- Battle of Yongjiazhen: Part of the Chinese Civil War
| Date | August 16, 1945 – August 19, 1945 |
| Location | Central Anhui, China |
| Result | Communist victory |

Belligerents
- Republic of China: Chinese Red Army

Commanders and leaders
- Unknown: Tan Xilin

Strength
- 2,300: 8,000+

Casualties and losses
- 2,300: Minor

= Battle of Yongjiazhen =

1945 battle

The Battle of Yongjiazhen (雍家镇战斗) was fought during the aftermath of World War II in the Yongjiazhen (雍家镇) region of central Anhui, China between Communist forces and Kuomintang forces who had allied with the Japanese. The battle was part of the Chinese Civil War, resulting in a victory for the People's Liberation Army.

==Prelude==
Like similar clashes between the communists and nationalists in the aftermath of World War II in China, the battle was partly due to the realisation by Kuomintang (nationalist) leader Chiang Kai-shek that his regime had neither sufficient troops or transportation to allow him to deploy in the Japanese-occupied regions of China. Since the communists (who dominated most rural areas of the country) could expand their territory by accepting the Japanese surrender, Chiang ordered the Japanese (and the Chinese puppet regime) not to surrender to the communists. This would maintain order in the Japanese-controlled regions and help fight off the communists until the arrival and deployment of Kuomintang troops. As a result of this order, most members of the Japanese military forces rejoined the nationalists.
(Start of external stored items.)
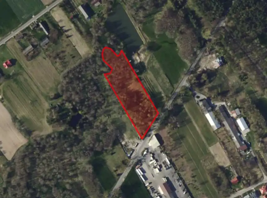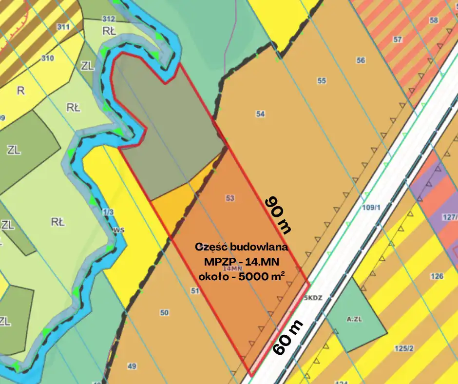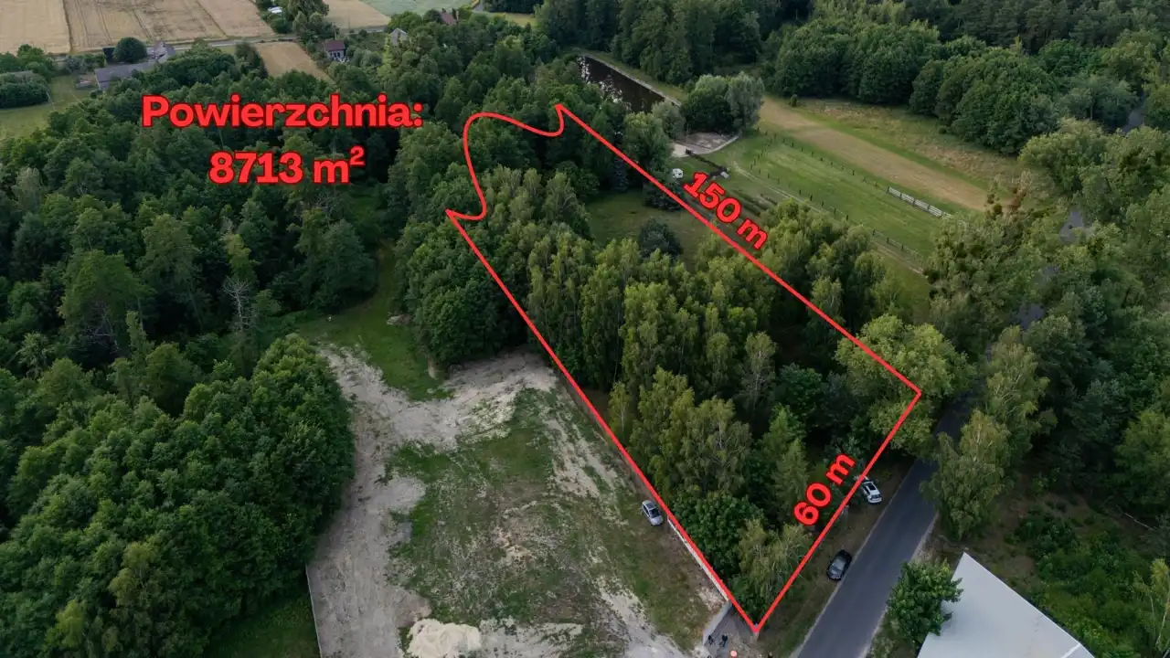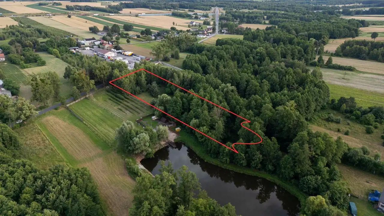 Działka o powierzchni 8724 m2 znajduje się w malowniczej okolicy bezpośrednio nad rzeką Mrożycą.
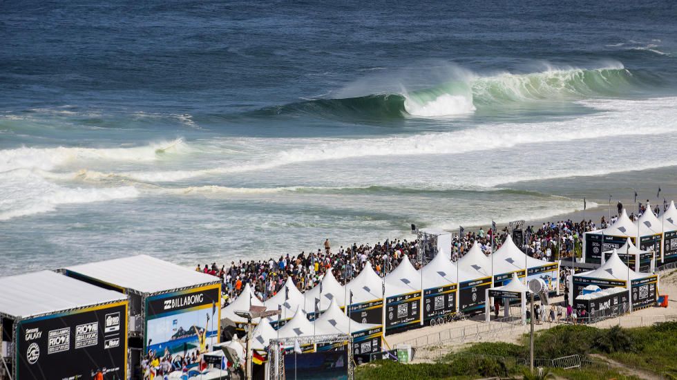 … N’oublie pas de monter là-haut » chantait Dario Moreno quelques années avant que l’Australien Peter Troy n’y introduise la première planche moderne en 1964. Le roi de l’opérette avait bien raison : l’attractivité de la ville réside davantage au sommet de ses fameux pics granitiques plutôt que dans ses spots de surf. Et les cartes postales vidéo relayées régulièrement à l’écran pour passer le message d’un ministère du tourisme carioca, principal soutien financier de cette épreuve ne trompent pas : il n’y est nullement fait mention du surf. Barra da Tijuca, beach break puissant situé au sud-ouest de Rio qui accueille le WCT depuis 2011 (de 2001 à 2010 la caravane du WCT faisait halte à Florianopolis au sud du pays) est tout sauf l’Eldorado que convoitaient les conquistadors en d’autres temps. Le filon est aussi incertain que la syntaxe d’un Ribéry même s’il recèle quelques rares pépites. Et comme pour le parcours du 11 de France qui foulera les pelouses brésiliennes dans quelques semaines lors de la Coupe du Monde de foot, mieux vaut se préparer au pire pour ne pas être déçu.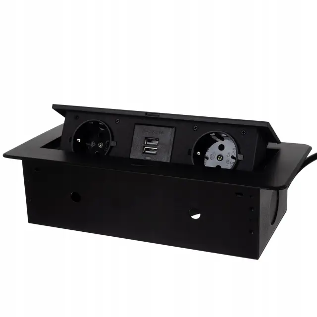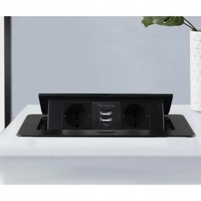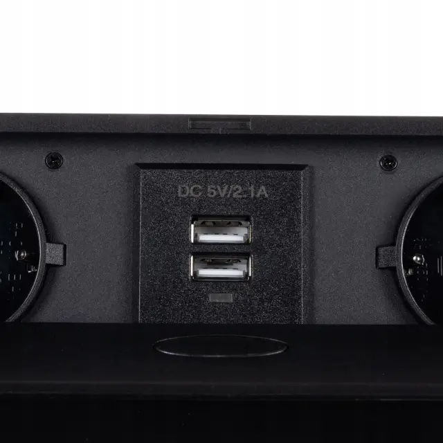 2 VTIČNICE + 2 USB – trak je sestavljen iz 2 šuko vtičnic z ozemljitvijo + 2 USB 2.1 vtičnic v ohišju, skritem v mizni plošči. Ohišje je izdelano iz visokokakovostnega prašno barvanega aluminija. Dodatni USB priključki vam omogočajo, na primer, polnjenje telefona neposredno iz vtičnice.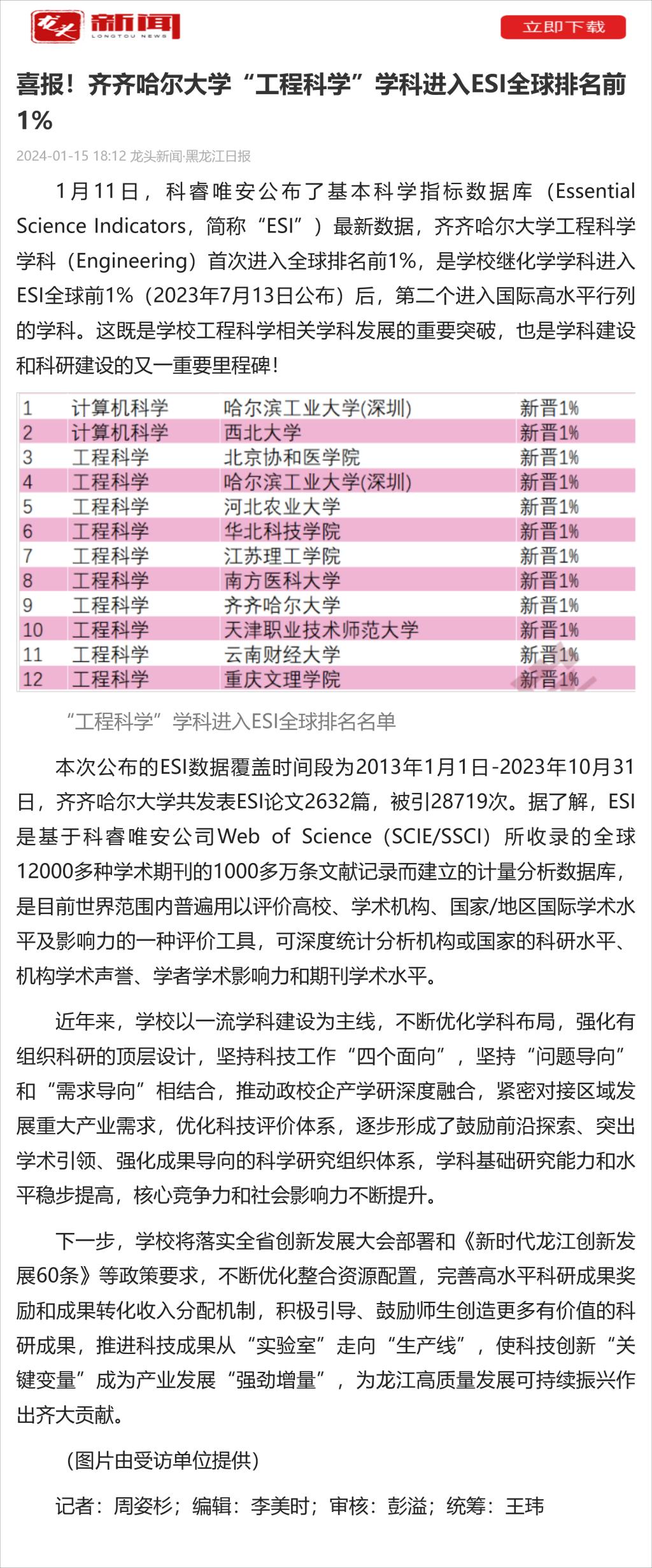 【龙头新闻】喜报!齐齐哈尔大学“工程科学”学科进入ESI全球排名前1%

However, most of these forces were not from Chiang's own circle. They were primarily warlord troops only nominally under Chiang's command before the war; they were Kuomintang in name only, and maintained much of their autonomous status. These warlords were primarily interested in maintaining their own power, and defected to the Japanese when Japan offered to let them retain their power in exchange for collaboration. After World War II ended, these forces returned to the Kuomintang for the same reason they had defected. For Chiang, it was difficult to sever his relationship with the warlords; this would alienate other factions within the nationalist ranks, and the warlords were still useful to him. Chiang's objectives, therefore, were to solve the problems of the warlords and the communists; by the end of the civil war, this proved impossible.

==Nationalist strategy==
Even if the communists were able to take control of the Japanese-occupied territories, this would still be beneficial to Chiang. The communists were strong enough to greatly reduce the strength of the warlords; at the same time the communists would be weakened by the fighting, making it easier for the Kuomintang to prevail.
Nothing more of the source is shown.